As I walked along my own street on Monday night, I saw lying forlornly on the road ahead of me a solitary Converse all-star trainer. I’ve always been a fan of Converse and have a couple of pairs of shoes and high tops. So I thought it odd to see that solitary left-footed bright red all-star lying there. It was in pristine condition. I thought it odd but kept going, anxious to be indoors. 20 feet or so further on my journey, I saw another shoe. Again it was a pristine Converse trainer. You’d think, Dear Reader, that it would be the matching partner to the first shoe I saw. You’d think wrong. For this second shoe was a black hightop. Nothing like the first red shoe at all. And once again, it was left footed.
As you can imagine, I did my scrunched-up, furrowed-brow, puzzled face. And then I raised my head to look beyond the four feet in front of me and saw a row of sad-looking mismatched trainers of various brands, styles and sizes, spaced out in front of me. And then it dawned on me.
A few streets away is a retail park. On that park, among other shops, is a branch of JD Sports. In order to stop people shoplifting shoes, they only ever display the left ones. Someone had broken into the store and stolen as many trainers as they could carry out of there. But they were too stupid to go to the stockroom. They’d just stolen the display items. Then they’d discarded them once they discovered they didn’t actually have a single pair in their haul. I couldn’t help but think that were there a police officer around, they could have followed the trainers back to the looter’s lair like Hansel and Gretl’s breadcrumbs. Needless to say, there wasn’t a police officer in sight.
That was the first sign that looting had reached my world other than via the news. It turned out later that other stores on the retail park had been looted too. PC World, Carphone Warehouse and Curries had all been ransacked of valuable goods. But so had Matalan, Maplins, and even Costa Coffee. Who loots Coffee?
The following night saw EDL members patrolling the streets to ‘protect our homes’ which made me far more nervous than the original looting. The racial undertones throughout the whole riotting and looting episode are deeply troubling and seem, sadly, in the aftermath to be being brushed over without very much discussion at all.
Today, Parliament is debating the riots but the Government seems to be determined to paint this rioting as outright criminality without looking at the reasons behind the rioting in the first place. Some of the suggestions from the Tory benches have included ignoring the Human Rights Act, switching off social networks during ‘times of trouble’, and rounding up looters to put them in Wembley Stadium and turn water cannon on them.
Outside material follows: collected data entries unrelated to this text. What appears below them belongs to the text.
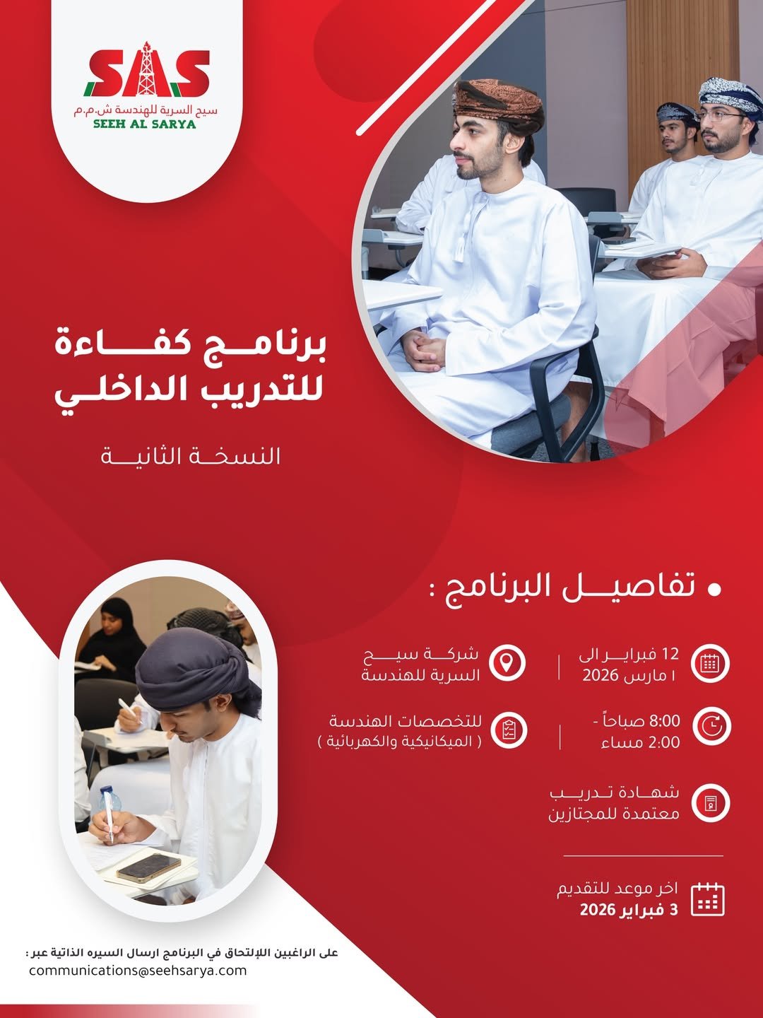 شركة سيح السرية للهندسة - يوفر برنامج التدريب الداخلي في تخصصصات الكهربائية والميكانيكية )
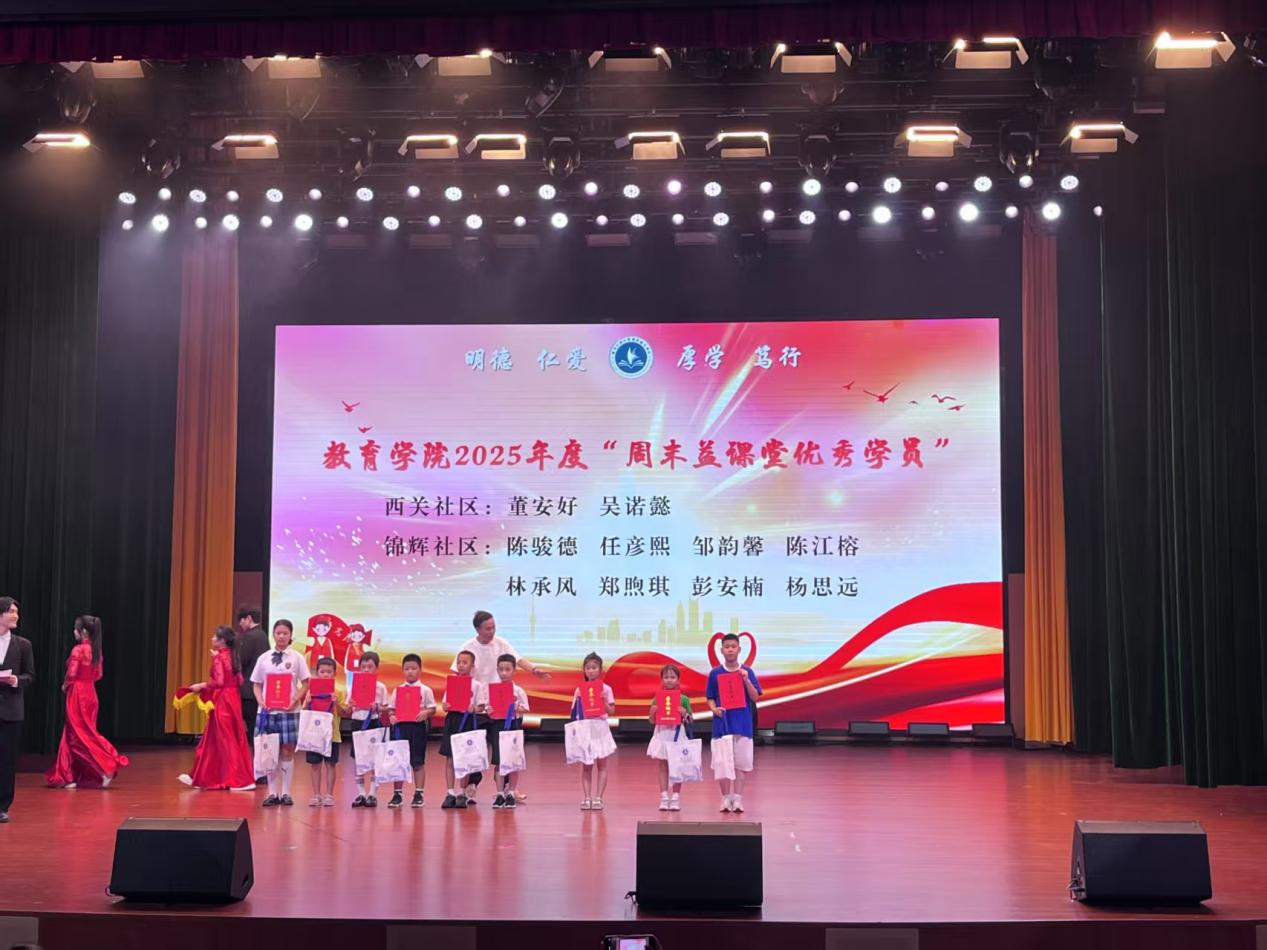 颁奖环节的灯光格外温暖,当社区里参与周末益课堂的孩子们与高校志愿者们接过“优秀学员”“优秀志愿者”的奖状时,忽然读懂了“双向奔赴”的意义。就像获奖志愿者说的:“在社区课堂里,我们教孩子们知识,也从他们的笑容里收获了温暖。”是啊,校地合作就像一片沃土,让志愿服务的根须在社区里扎得更深,也让这份温暖有了生长的力量。
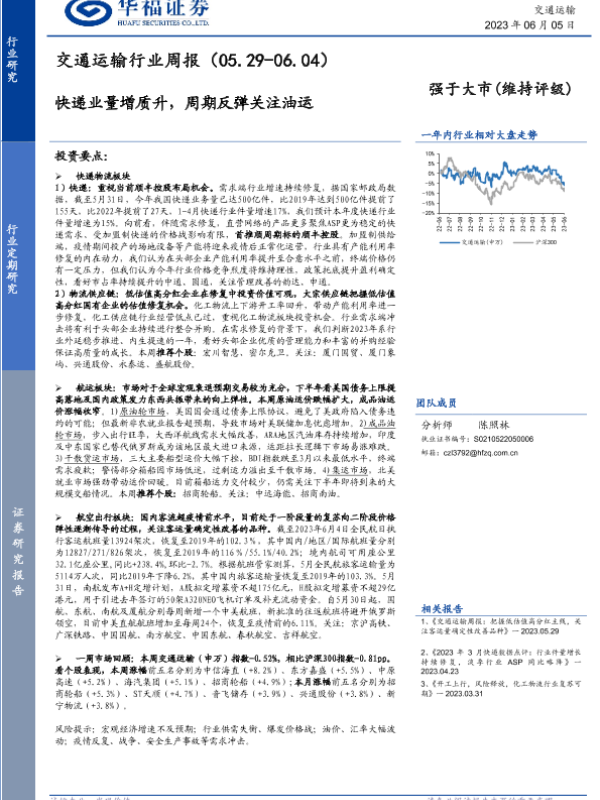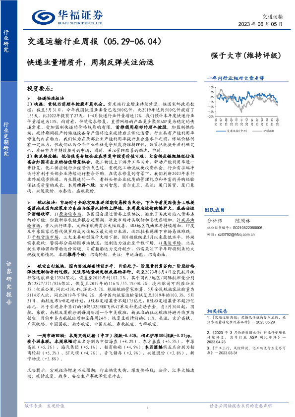 【华福证券】【20230605】交通运输行业周报:快递业量增质升,周期反弹关注油运-15页
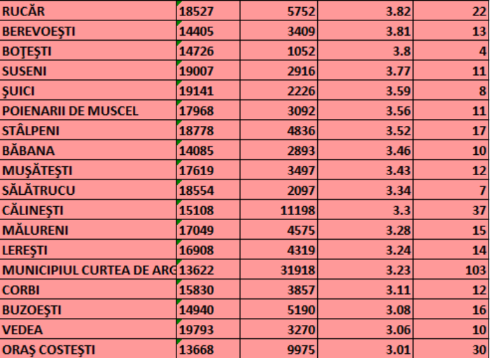 Lista localităților din Argeș aflate în scenariul roșu (cu incidență de la 3 cazuri în sus la 1.000 de locuitori), comunicată cu puțin timp în urmă de Direcția de Sănătate Publică (DSP):
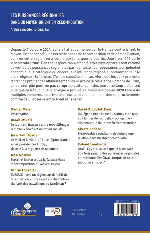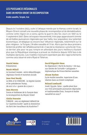 Depuis le 7 octobre 2023, suite à l'attaque menée par le Hamas contre Israël, le Moyen-Orient connaît une nouvelle phase de recomposition et de déstabilisation, comme cette région en a connu après la guerre des Six Jours en 1967 ou le 11 septembre 2001. Dans cet espace mouvementé, trois pays apparaissent comme de véritables puissances régionales par leur taille, leur population, leur potentiel économique, stratégique ou encore leur influence régionale, notamment sur le plan religieux: la Turquie, l'Arabie saoudite et l'Iran. Alors que les deux premiers tentent de profiter de l'affaiblissement de l'axe de la résistance proche de l'Iran, ce dernier plie pour ne pas rompre en attendant des jours meilleurs d'autant plus que la République islamique a prouvé sa résilience depuis 1979 face à de multiples épreuves. Les rivalités n'excluent cependant pas des rapprochements comme celui observé entre Ryad et Téhéran.
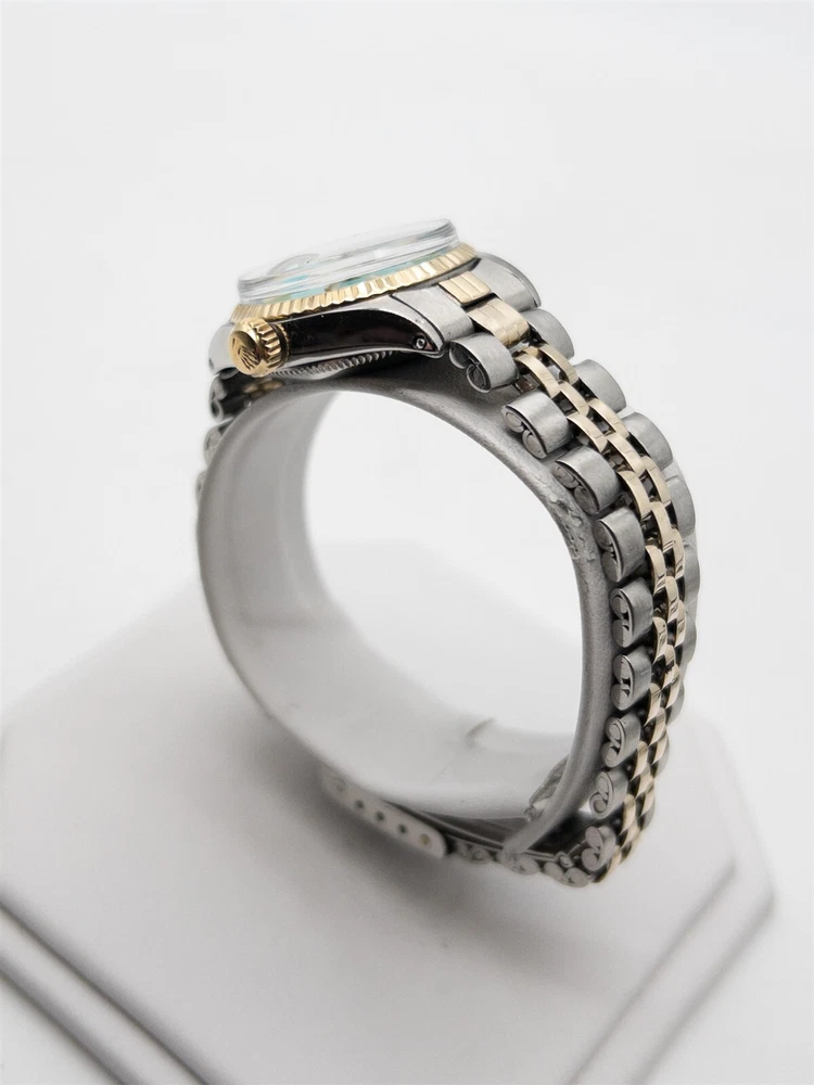 Item Description: 18k Yellow Gold and Stainless Steel. RARE Find and so nice and rare ROLEX DATEJUST. Blue Tiffany & Co dial and mesmerizing. 6.7 inches long and just serviced with a 1 year parts and labor warranty. This is a service that Rolex would charge around $2000 for...you get it for peace of mind at no additional charge. WOW!!! Great looking timepiece and just awesome. RetaiL $12,000. Brand: Rolex Metal: 18k Yellow Gold and SS Movement: AUTOMATIC Gram Weight: 40.2 Powered by SixBit's eCommerce Solution
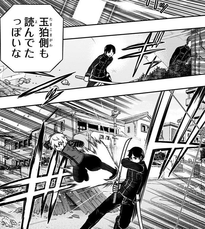 生駒隊は空閑を倒そうとしますが、空閑はワイヤーを上手く使って生駒の攻撃をかわします。その乱戦のなか、生駒隊の水上が王子に落とされます。
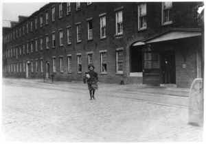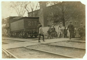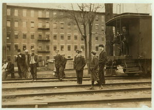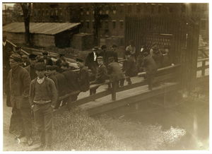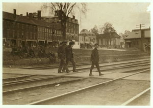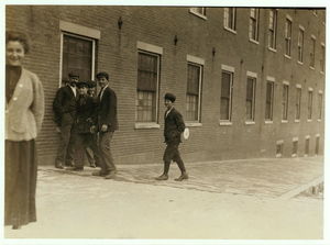 Going to dinner from Great Falls Mfg. Co., Somersworth, N.H. May 18, 1909. A number of young boys and girls work regularly (during school hours) as "helpers" to mother, father or sister. Location: Somersworth, New Hampshire.
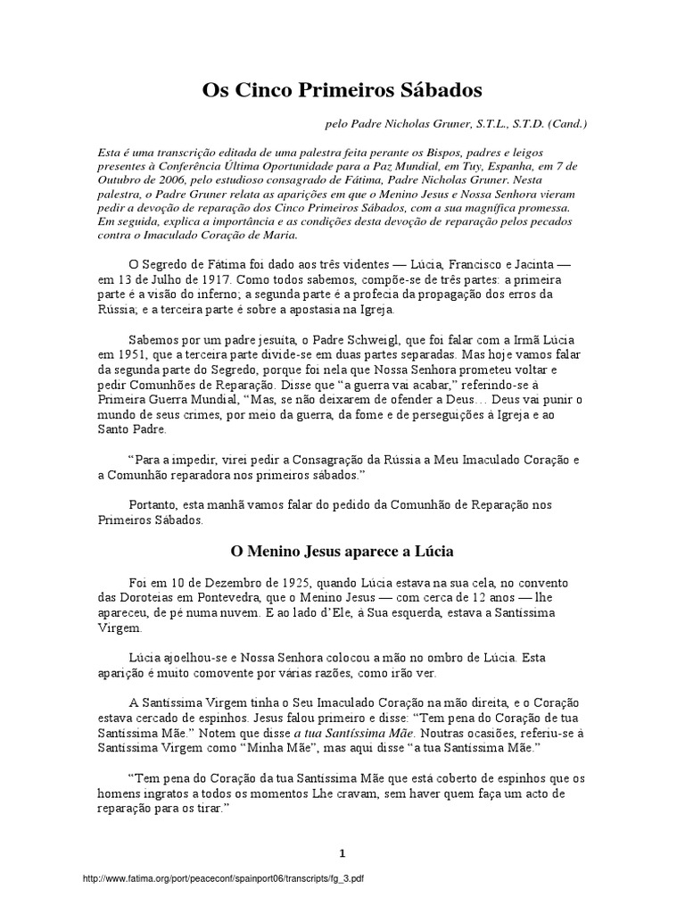 Primeiros Sbados, p. 4; tambm em The Fatima Crusader, N 49, Vero de 1995, e na
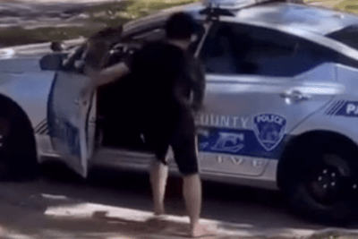 Watch: Woman tries stealing cop car, fails when a tree reminds her that she can't drive
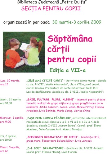 Biblioteca Judeţeană „Petre Dulfu” – SECŢIA PENTRU COPII organizează, în perioada 30 martie-3 aprilie 2009, Săptămâna cărţii pentru copii – Ediţia a VII-a. În program manifestări diverse în colaborare cu şcoli şi grădiniţe partenere.

Obviously, there were sensible well-reasoned suggestions as well, but they certainly weren’t in the majority.
Like most riots, these initially had a catalyst in the form of the shooting of Mark Duggan by the Metropolitan Police. This led to protest, civil unrest, violence and looting. I don’t condone violence for any reasons and in this particular instance, the looting and disorder have stripped away any justification for what may have been a genuine protest against the apparent killing of Mark Duggan. The destruction of property, the loss of peoples’ livelihoods, and the deaths of innocent people have now distracted attention from any underlying root political and social problems which we should be examining and working to put right. Issues of race relations, unemployment, social tensions, real lack of inspiration, and public and community services destroyed by this government. Those are the issues that Parliament should be debating. Those are the issues with a real power. Until that is, they’re used as an excuse to go on a rampage and steal a row of left-footed trainers.
There is never an excuse for violence, rioting and looting. But there are always reasons. And it’s those reasons we should be looking at.